В смене высот, направлений и ролей меняется сама природа высказывания. Оно неотделимо от восходящего потока, от определенной ситуации. (А «ситуация» здесь – что-то вроде зеркальца, подставленного вдруг и с неожиданной стороны; способного обнаружить изнанку собственной логики.) У разговора двойная природа: это, собственно, встреча двух родов речи – внешней и внутренней.
Нужно пояснить, что «внутренней» речью нам представляется язык неготовый, почти неведомый. Ищущее себя высказывание, слово в процессе становления. Даже не слово еще, а нарождающаяся связь миметических разметок (проекций?), кольцующих смысловые темноты. Размышление-переживание, переживание-глоссолалия. Этот язык – ключ к твоему существованию, к твоему личному времени. Он лишает время самой губительной его способности: проходить бесследно. Стремление существовать в разговоре есть просто стремление существовать.
Искушенный читатель, полагаю, уже подметил в нашем описании неведомого «разговорного» языка какие-то знакомые характеристики. Действительно: диалогичность, плюрализм, переключение точек зрения, культ корректности. Именно эти или подобные признаки видит в себе постмодернистский тип мышления. То есть наш искомый язык, похоже, давно найден и хорошо разработан, многие им успешно пользуются.
Но, на мой взгляд, найдено не то и не там. Есть род языковых практик, создающих как бы буферную зону между человеком и его истинным положением. Для нашей интуиции этот язык – иностранный. Положите запрет на десяток ключевых слов (вроде того же «дискурса»), и объясниться станет невозможно.
Мы назвали эти слова ключевыми, и напрасно. Они, скорее, напоминают отмычку. Ответ всегда находится в ожидаемом месте. (Например, как-то по человечески понятно, что систему, которая все – от стилевых предпочтений до самоубийства – объясняет как «художественный жест», надо немедленно упразднять: она
Можно заметить, что само качество такого дискурса поразительно соприродно какому-то взвешенному, теряющему ориентиры культурному состоянию. И здесь, в языке, в характере последовательности та же потерянность, расслабленно-конвульсивный ритм движения мысли, особая фактура, что ли, самого мыслительного процесса, приблизительно определяемая выражением «хорошая мина при плохой игре».
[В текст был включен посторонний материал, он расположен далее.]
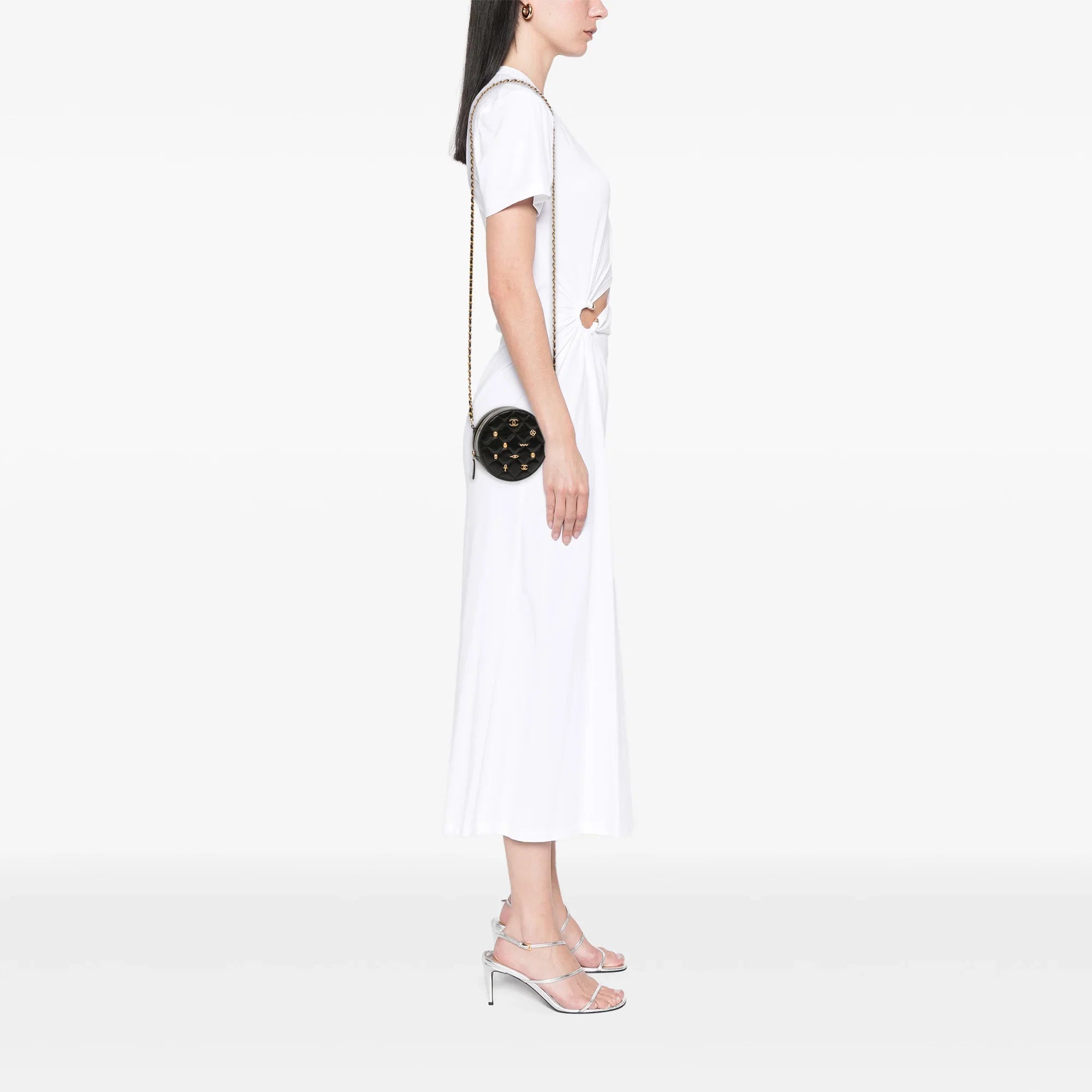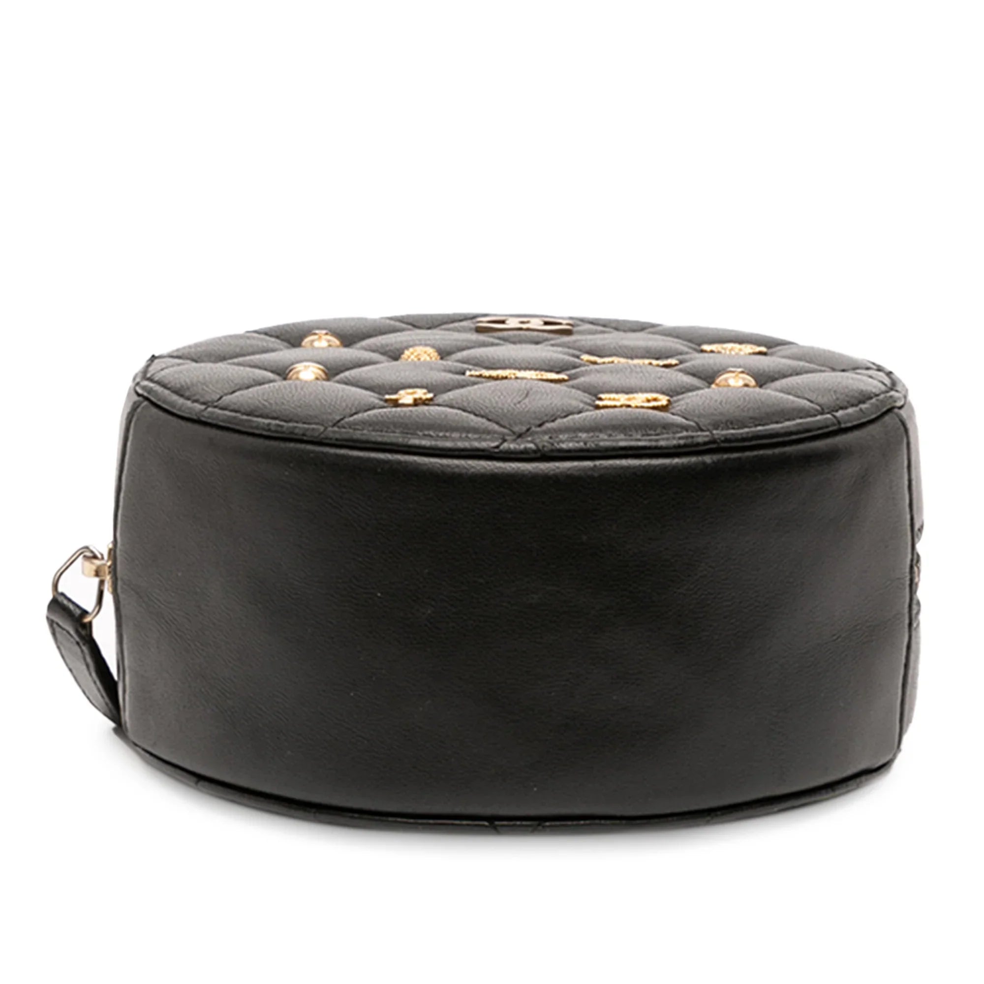 Black Chanel Quilted Lambskin Egyptian Amulet Charms Round Clutch with Chain Crossbody Bag
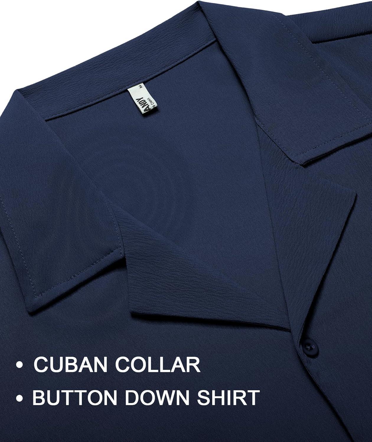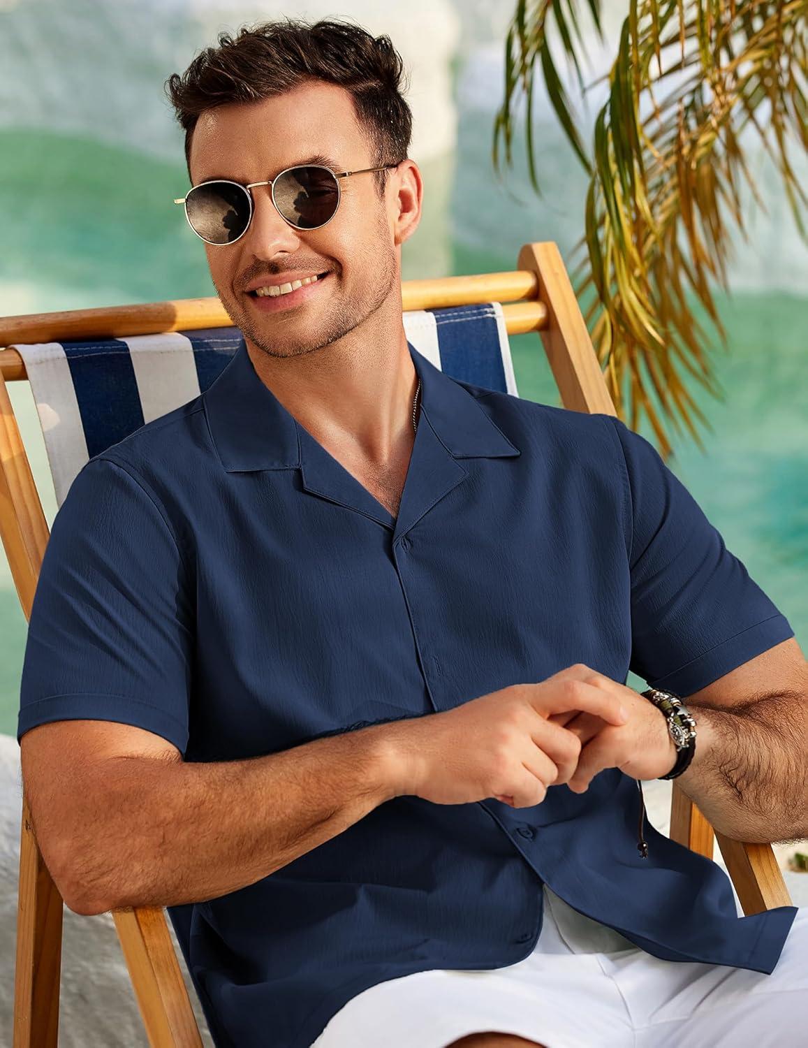 COOFANDY Mens 2025 Fashion Textured Shirts Short Sleeve Summer Beach Shirt Casual Button Down Shirts(Navy Blue)
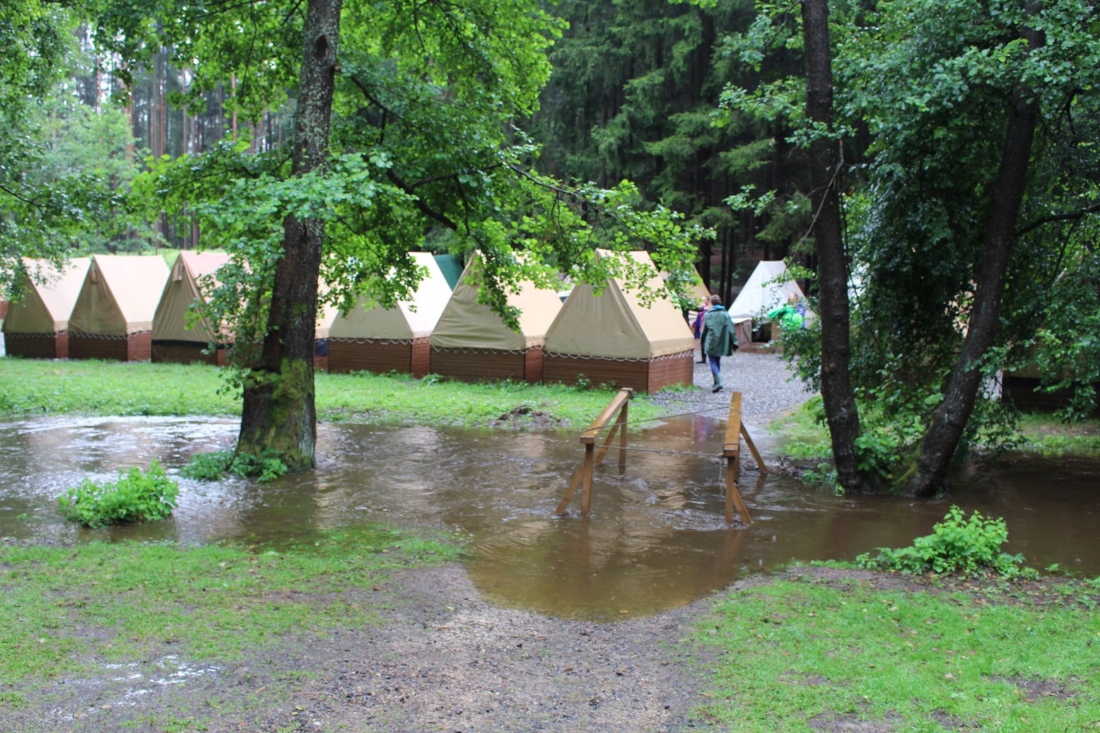 Dochází palivo a tak jsme neplánovaně přistáli na Apokalyptické planetě. Pršelo a pršelo. Dopoledne jsme zkoukli film a pozorovali, jak stoupá voda v místním potůčku.

Все-таки мы ждем от мысли смелости. А это мысль не только несмелая, но изначально и навсегда испуганная. Причем испуганная всего лишь за свою репутацию. Отсюда вся двусмысленность, речь не от себя, попятное движение описаний, как будто пытающихся спрятаться за собственную спину. «…Любое утверждение приписывается игре, где ты играешь как другой и где другой проигрывает, хотя играешь ты».[7]
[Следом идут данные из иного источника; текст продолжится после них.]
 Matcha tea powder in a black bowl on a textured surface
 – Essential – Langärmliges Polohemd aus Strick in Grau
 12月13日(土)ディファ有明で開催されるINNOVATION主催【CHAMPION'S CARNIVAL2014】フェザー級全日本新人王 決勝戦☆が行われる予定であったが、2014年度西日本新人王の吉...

Понятно, чем в первую очередь отличаются от «разговора» эти по-своему виртуозные упражнения мысли: они не учитывают и даже не предполагают собеседника. Абсолютная незаинтересованность в диалоге, странное равнодушие к другим возможностям и гипотезам, к другому языку, не культивирующему их эзотерическую лексику. Сектантская, отчасти колонизаторская спесь.
Казалось бы, мысли необходимо сравнивать и сомневаться. Но это, видимо, не совсем мышление. Скорее, принявшая облик мышления выхолощенная художественная практика.
Такое предположение отчасти объясняет своеобразное понимание «реальности» в постмодернистской системе представлений. Искусство порождает новую реальность, а с реальностью существующей вступает в сложные отношения обмена, конкуренции и борьбы за независимость. Но постмодернистское мышление, видимо, неотчетливо понимает собственную природу и не считает себя художественной практикой. Свою игровую двойную бухгалтерию оно полагает «гамбургским счетом». И тут отношения не могут идти гладко, концы с концами всегда не сходятся.
Не заметив подмены в своей трактовке реальности, постмодернизм, однако, замечает, как неузнаваемо изменился ее облик. Такой реальности действительно не стоит доверять, и постмодернисты по-своему правы, настаивая на том, что природа их реальности мнима, а интуиция и живое восприятие отменены (или в более осторожной редакции «отложены»).